## DATA FOR THE TASK
----
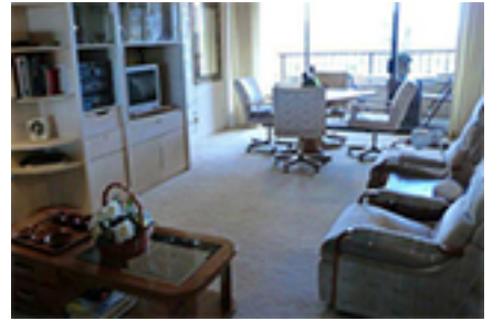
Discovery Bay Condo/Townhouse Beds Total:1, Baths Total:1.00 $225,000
----
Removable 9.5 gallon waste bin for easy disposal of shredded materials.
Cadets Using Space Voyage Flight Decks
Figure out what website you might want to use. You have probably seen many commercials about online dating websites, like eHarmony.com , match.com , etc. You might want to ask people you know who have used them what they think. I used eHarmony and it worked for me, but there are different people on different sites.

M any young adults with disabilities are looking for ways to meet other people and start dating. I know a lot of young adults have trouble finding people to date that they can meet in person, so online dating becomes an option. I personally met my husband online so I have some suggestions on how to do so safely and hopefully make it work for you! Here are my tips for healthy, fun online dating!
----
## DIRECTIONS
Extract from the listing above the lines between the line containing "Figure out what" and the line containing "M any young", keeping both of those lines. Output nothing else.

## SOLVED EXERCISE
Figure out what website you might want to use. You have probably seen many commercials about online dating websites, like eHarmony.com , match.com , etc. You might want to ask people you know who have used them what they think. I used eHarmony and it worked for me, but there are different people on different sites.

M any young adults with disabilities are looking for ways to meet other people and start dating. I know a lot of young adults have trouble finding people to date that they can meet in person, so online dating becomes an option. I personally met my husband online so I have some suggestions on how to do so safely and hopefully make it work for you! Here are my tips for healthy, fun online dating!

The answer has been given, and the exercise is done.